Existem alterações cromossômicas, onde parte de um cromossomo está faltando, e mutações, que envolvem mudanças no DNA. Há também translocações, quando pedaços cromossômicos se ligam ao cromossomo errado. Pode haver inversões, onde o cromossomo está de cabeça para baixo, e, também algo chamado aneuploidia, caso em que há muitos ou poucos cromossomos. Problemas genéticos podem ser transmitidos pelos pais ou podem ocorrer no feto espontaneamente, sem qualquer razão.
“Se alguém é portador de um cromossomo irregular, o embrião pode receber informações genéticas ausentes ou extras, o que pode resultar em aborto espontâneo ou outro problema reprodutivo”, explica o especialista em Reprodução Assistida, Pedro Peregrino, diretor da Clínica Venvitre.
Vale a pena notar que essas anormalidades podem ocorrer aleatoriamente em um feto de pais cromossomicamente normais, mas várias também são transmitidas entre gerações. Por exemplo, se sua mãe tem um cromossomo X anormal, você tem 50% de chance de herdar esse cromossomo X irregular, aponta o Instituto Nacional de Saúde.
Existem também doenças raras e hereditárias de um único gene, como a síndrome do X frágil, a fibrose cística (FC) e a doença de Tay-Sachs, que podem levar a problemas genéticos e potencialmente causar problemas de fertilidade.
Endometriose e miomas têm múltiplas causas
Não há uma resposta definitiva sobre o quanto a endometriose é resultado da genética. Essa condição é considerada multifatorial, o que significa que há fatores ambientais, herdados e adquiridos em jogo.
Com a endometriose, a genética é incompletamente compreendida. Provavelmente há vários genes envolvidos, por isso é difícil identificar essa causa genética específica. “Em geral, há um risco aumentado se você tiver familiares de primeiro grau com endometriose. Se, por exemplo, sua mãe ou irmã tem endometriose, você tem aproximadamente cinco a sete vezes mais chances de ser diagnosticada com a doença do que uma mulher que não tem um parente próximo a ela com endometriose”, diz Pedro Peregrino.
O mesmo vale para os miomas, que são tumores pequenos e benignos que crescem no interior da cavidade uterina e impedem a fixação do embrião. Se sua mãe ou irmã tem miomas, você tem um risco ligeiramente maior de tê-los também – mas, novamente, não é uma garantia. E certas populações, como a negra, são cerca de três a quatro vezes mais propensas a desenvolver miomas uterinos.
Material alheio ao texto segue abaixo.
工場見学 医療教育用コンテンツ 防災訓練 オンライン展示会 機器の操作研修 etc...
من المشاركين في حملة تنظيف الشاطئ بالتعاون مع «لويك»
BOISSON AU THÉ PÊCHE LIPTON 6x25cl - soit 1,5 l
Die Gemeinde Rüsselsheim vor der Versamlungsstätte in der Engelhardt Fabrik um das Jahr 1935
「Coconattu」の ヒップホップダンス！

A idade da menopausa tende a se repetir nas famílias
A idade e a velocidade com que os óvulos declinam provavelmente também têm um componente genético. Alguns especialistas acreditam que a idade em que sua mãe experimentou a menopausa é um dos melhores preditores de quando você passará pela menopausa.
“A idade da menopausa tende a se correlacionar muito bem entre os membros da família. Se você tem um membro da família que passou pela menopausa mais cedo, corre um risco maior de sofrer da mesma perda precoce do potencial reprodutivo”, alerta o diretor da Clínica Venvitre.
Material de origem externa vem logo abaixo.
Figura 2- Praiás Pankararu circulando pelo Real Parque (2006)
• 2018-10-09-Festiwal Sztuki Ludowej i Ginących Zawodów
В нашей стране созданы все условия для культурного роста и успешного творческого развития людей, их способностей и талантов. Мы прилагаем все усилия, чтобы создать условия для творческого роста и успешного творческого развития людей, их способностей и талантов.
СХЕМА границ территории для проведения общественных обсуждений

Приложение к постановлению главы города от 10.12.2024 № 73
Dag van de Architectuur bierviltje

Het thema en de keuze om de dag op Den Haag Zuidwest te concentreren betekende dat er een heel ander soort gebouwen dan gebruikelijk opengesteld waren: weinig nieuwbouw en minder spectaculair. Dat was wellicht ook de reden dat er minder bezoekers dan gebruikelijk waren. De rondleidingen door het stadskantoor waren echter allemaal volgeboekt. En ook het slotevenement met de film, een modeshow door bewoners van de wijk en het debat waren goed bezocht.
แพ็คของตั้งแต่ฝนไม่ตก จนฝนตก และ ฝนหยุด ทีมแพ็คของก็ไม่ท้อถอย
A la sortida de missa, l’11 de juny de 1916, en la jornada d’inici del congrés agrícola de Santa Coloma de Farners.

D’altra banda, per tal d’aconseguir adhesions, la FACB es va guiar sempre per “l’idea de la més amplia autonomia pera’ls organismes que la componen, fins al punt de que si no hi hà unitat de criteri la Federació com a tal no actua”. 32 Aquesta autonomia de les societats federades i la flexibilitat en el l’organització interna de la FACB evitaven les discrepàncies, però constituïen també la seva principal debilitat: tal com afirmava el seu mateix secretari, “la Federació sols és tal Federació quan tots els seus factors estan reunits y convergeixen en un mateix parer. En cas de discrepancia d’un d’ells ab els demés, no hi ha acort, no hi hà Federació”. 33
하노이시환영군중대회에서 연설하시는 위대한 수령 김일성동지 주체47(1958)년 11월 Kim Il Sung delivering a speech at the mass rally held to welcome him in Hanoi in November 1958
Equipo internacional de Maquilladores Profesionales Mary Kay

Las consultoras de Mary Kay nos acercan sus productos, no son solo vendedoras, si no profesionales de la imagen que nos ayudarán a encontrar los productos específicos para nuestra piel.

Algumas mulheres experimentam insuficiência ovariana primária, na qual a menopausa começa antes dos 40 anos. Pesquisas descobriram que em 10% a 15% dos casos de menopausa precoce, havia um membro imediato da família com a doença.
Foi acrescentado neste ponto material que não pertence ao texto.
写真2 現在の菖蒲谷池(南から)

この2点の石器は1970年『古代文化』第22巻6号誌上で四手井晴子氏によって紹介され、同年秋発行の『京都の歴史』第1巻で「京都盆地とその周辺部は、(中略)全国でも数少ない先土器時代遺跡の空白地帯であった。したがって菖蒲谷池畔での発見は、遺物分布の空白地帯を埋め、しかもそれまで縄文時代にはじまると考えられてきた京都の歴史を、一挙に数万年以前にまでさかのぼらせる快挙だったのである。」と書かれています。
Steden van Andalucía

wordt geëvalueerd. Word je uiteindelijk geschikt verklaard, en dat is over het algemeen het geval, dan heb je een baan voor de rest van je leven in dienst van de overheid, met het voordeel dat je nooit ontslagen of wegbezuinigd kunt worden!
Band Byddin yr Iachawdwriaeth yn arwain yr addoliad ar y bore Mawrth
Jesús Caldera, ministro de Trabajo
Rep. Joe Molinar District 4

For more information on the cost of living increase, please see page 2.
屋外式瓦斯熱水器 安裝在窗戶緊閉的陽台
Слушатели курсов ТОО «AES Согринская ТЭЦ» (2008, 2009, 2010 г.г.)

Síndrome do ovário policístico geralmente é uma condição genética
A síndrome do ovário policístico (SOP), um desequilíbrio hormonal que causa cistos e períodos irregulares, é uma das causas mais comuns de infertilidade. Estudos mostraram que a SOP é fortemente influenciada pela genética, embora também haja contribuições ambientais.
“Definitivamente há uma predisposição genética para SOP que é provavelmente maior do que a de endometriose e a de miomas. Alguns estudos mostraram que até 40% das irmãs podem ter alterações hormonais semelhantes ou problemas consistentes com a SOP”, diz o diretor da Venvitre.